PROBLEM TO SOLVE:
Output the data below exactly, without images.

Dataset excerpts
====================

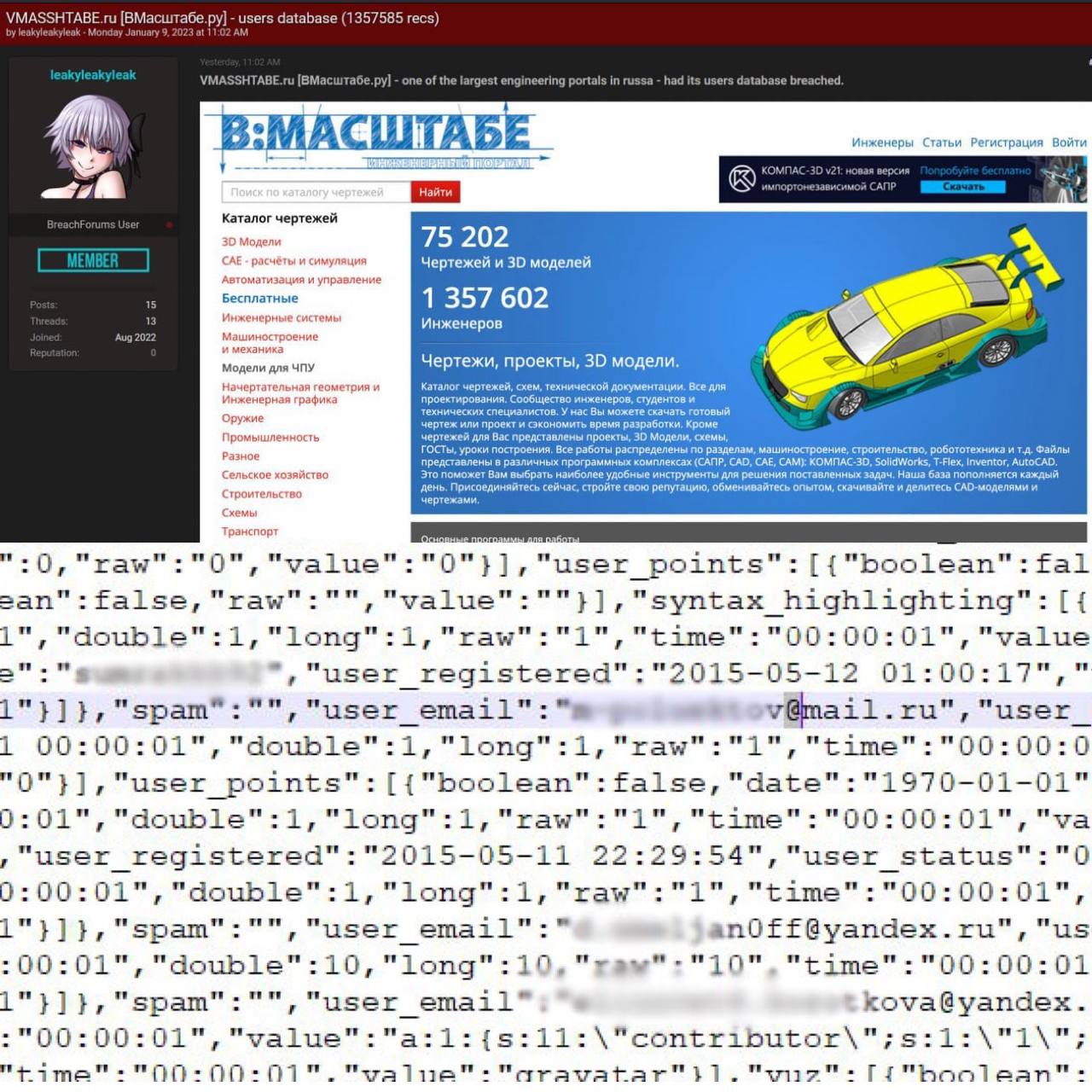 На одном из теневых форумов обнаружена база данных, которая может быть результатом утечки инженерного портала «В Масштабе.ру». По нашей информации, данные выгружены из оставленного в открытом доступе Elasticsearch-сервера.
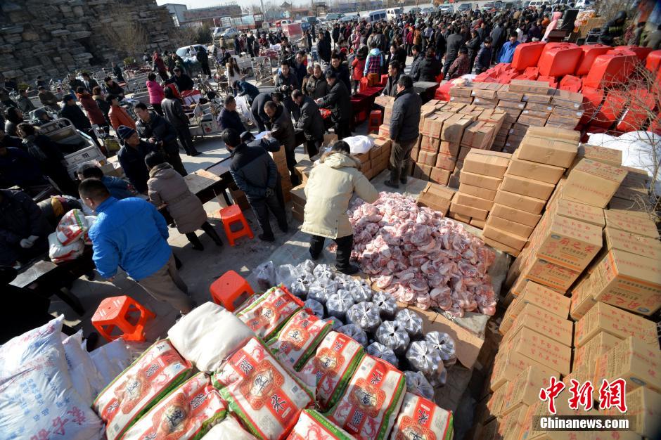 2月4日,河北省永年县广府镇东街村党支部书记宋福如投入220多万元为全村人置办年货,使全村的2880名村民每人领到了一份年货,喜迎新春佳节的到来。据悉,年货标准为每人12样年货,即2斤带鱼、1只土鸡、2斤猪后座、1桶花生油、20斤东北大米、1斤香油、20斤精粉、10斤饺子粉、1斤糖、1斤瓜子、2斤花生、1.5斤粉条,让全村人过春节不用买年货,受到全村村民的欢迎。另外,60-69岁老人发放生活补助金1200元,70-79岁老人发放生活补助金1800元,80-89岁老人发放生活补助金2400元,90岁以上老人发放生活补助金3000元。 据了解,宋福如连续6年为村民置办年货,免费为村民发放米、面、油,免费为村民体检,全村村民免费享受新农合、新农保,被村民誉为“免费村支书”。中新社发 郝群英 摄 图片来源:CNSPHOTO
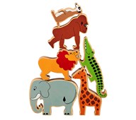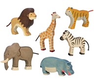Mycket fina och rejäla vilda djur av trä. Djurens design och stabila form gör dem lätta att leka med. De är ca 2,5 cm tjocka, mjuka och behagliga att ta i. Figurerna är målade med giftfri, vattenbaserad färg. Innehåller tiger, lejon, giraff, elefant, zebra och flodhäst. PVC-fri. Från 3 år.
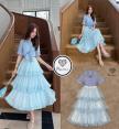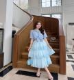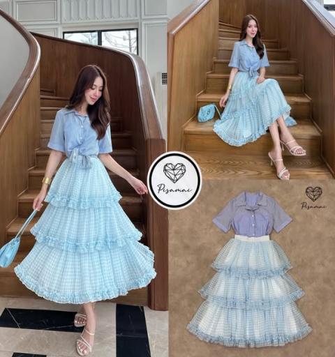เซ็ตเสื้อเชิ้ตคอปกสีฟ้า มาคู่กับกระโปรงลายสก็อตสีฟ้าชั้นฟู สวยฟูฟ่อง
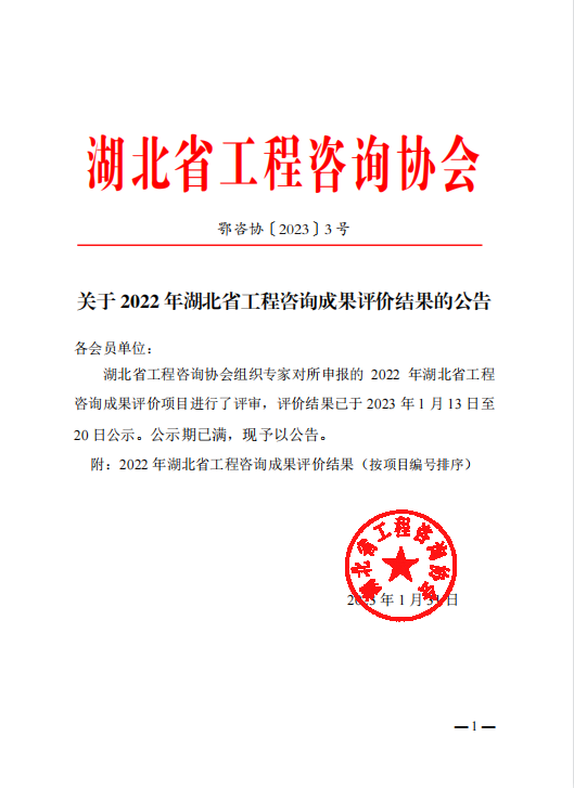 近日,湖北省工程咨詢協(xié)會發(fā)布2022年湖北省工程咨詢成果評價結(jié)果公告,我司申報的《當(dāng)陽市博物館項目》榮獲三等獎。
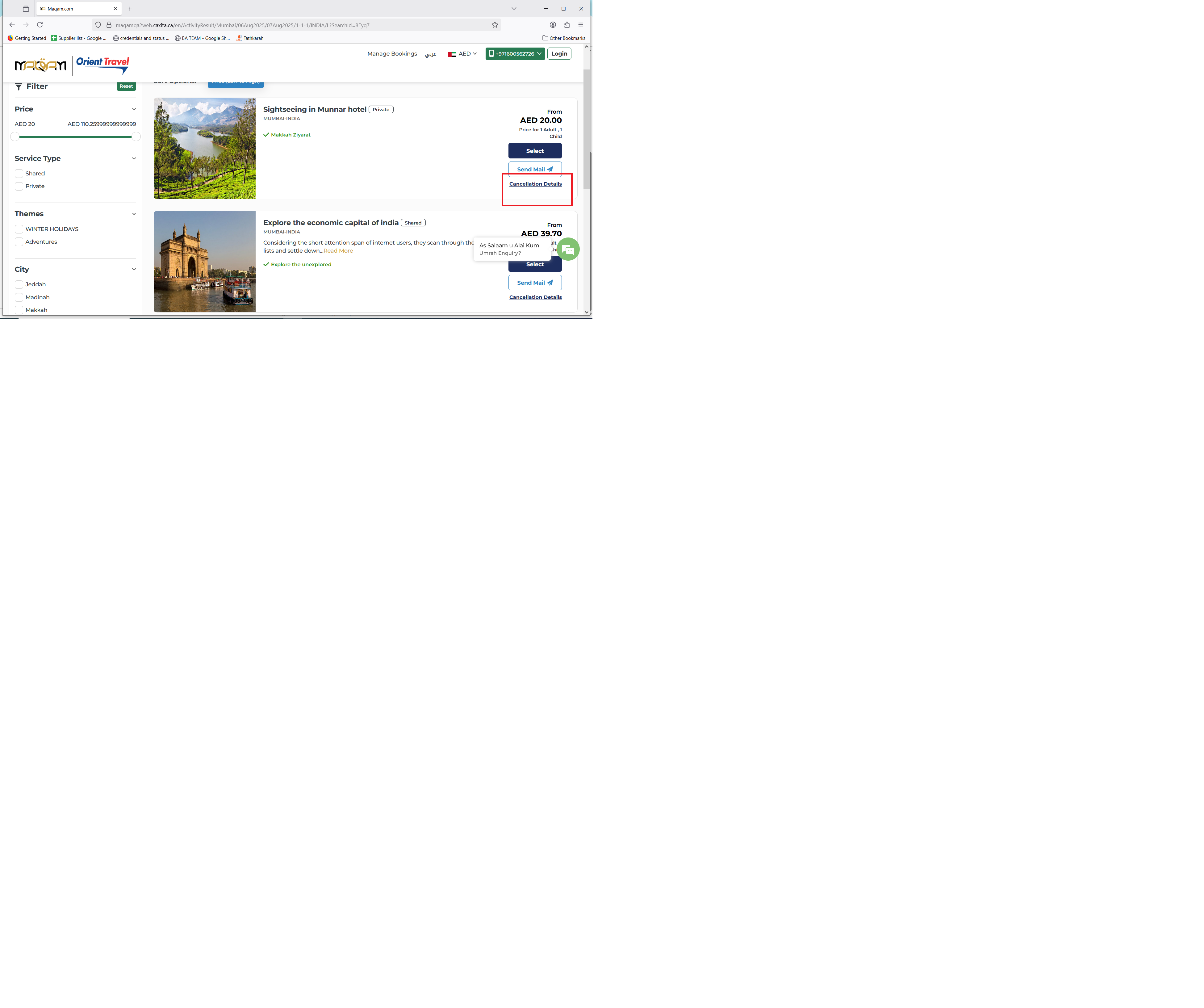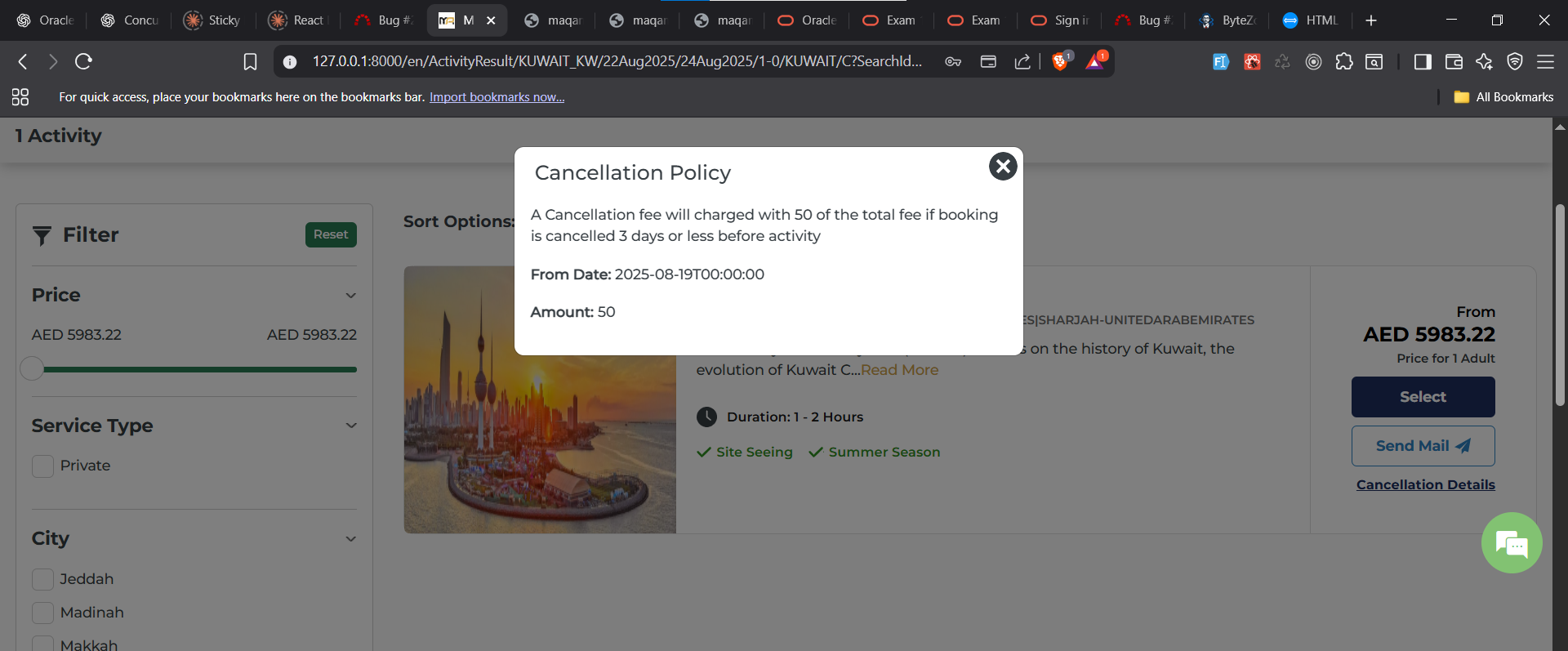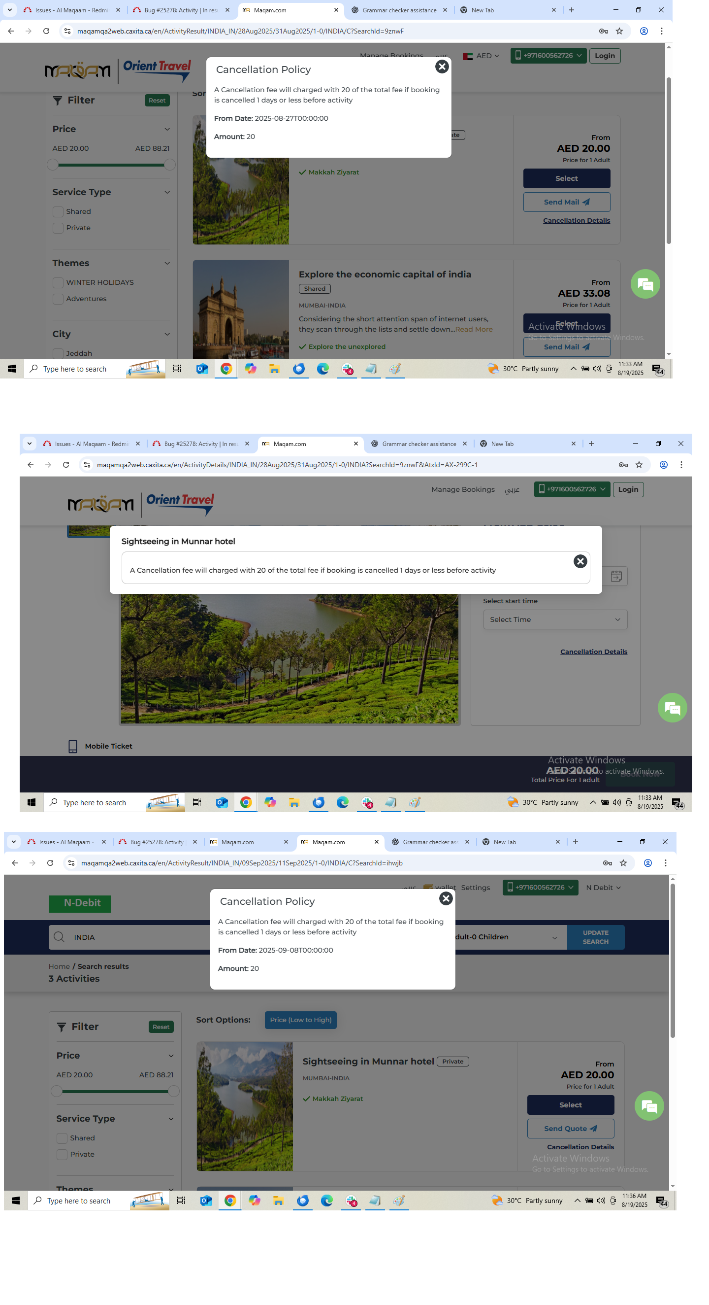 closedActivity | In result page the cancellation policy link is not working

====================

REPLY TO THE EXERCISE:
 На одном из теневых форумов обнаружена база данных, которая может быть результатом утечки инженерного портала «В Масштабе.ру». По нашей информации, данные выгружены из оставленного в открытом доступе Elasticsearch-сервера.
 2月4日,河北省永年县广府镇东街村党支部书记宋福如投入220多万元为全村人置办年货,使全村的2880名村民每人领到了一份年货,喜迎新春佳节的到来。据悉,年货标准为每人12样年货,即2斤带鱼、1只土鸡、2斤猪后座、1桶花生油、20斤东北大米、1斤香油、20斤精粉、10斤饺子粉、1斤糖、1斤瓜子、2斤花生、1.5斤粉条,让全村人过春节不用买年货,受到全村村民的欢迎。另外,60-69岁老人发放生活补助金1200元,70-79岁老人发放生活补助金1800元,80-89岁老人发放生活补助金2400元,90岁以上老人发放生活补助金3000元。 据了解,宋福如连续6年为村民置办年货,免费为村民发放米、面、油,免费为村民体检,全村村民免费享受新农合、新农保,被村民誉为“免费村支书”。中新社发 郝群英 摄 图片来源:CNSPHOTO
Mycket fina och rejäla vilda djur av trä. Djurens design och stabila form gör dem lätta att leka med. De är ca 2,5 cm tjocka, mjuka och behagliga att ta i. Figurerna är målade med giftfri, vattenbaserad färg. Innehåller tiger, lejon, giraff, elefant, zebra och flodhäst. PVC-fri. Från 3 år.
เซ็ตเสื้อเชิ้ตคอปกสีฟ้า มาคู่กับกระโปรงลายสก็อตสีฟ้าชั้นฟู สวยฟูฟ่อง
 近日,湖北省工程咨詢協(xié)會發(fā)布2022年湖北省工程咨詢成果評價結(jié)果公告,我司申報的《當(dāng)陽市博物館項目》榮獲三等獎。
 closedActivity | In result page the cancellation policy link is not working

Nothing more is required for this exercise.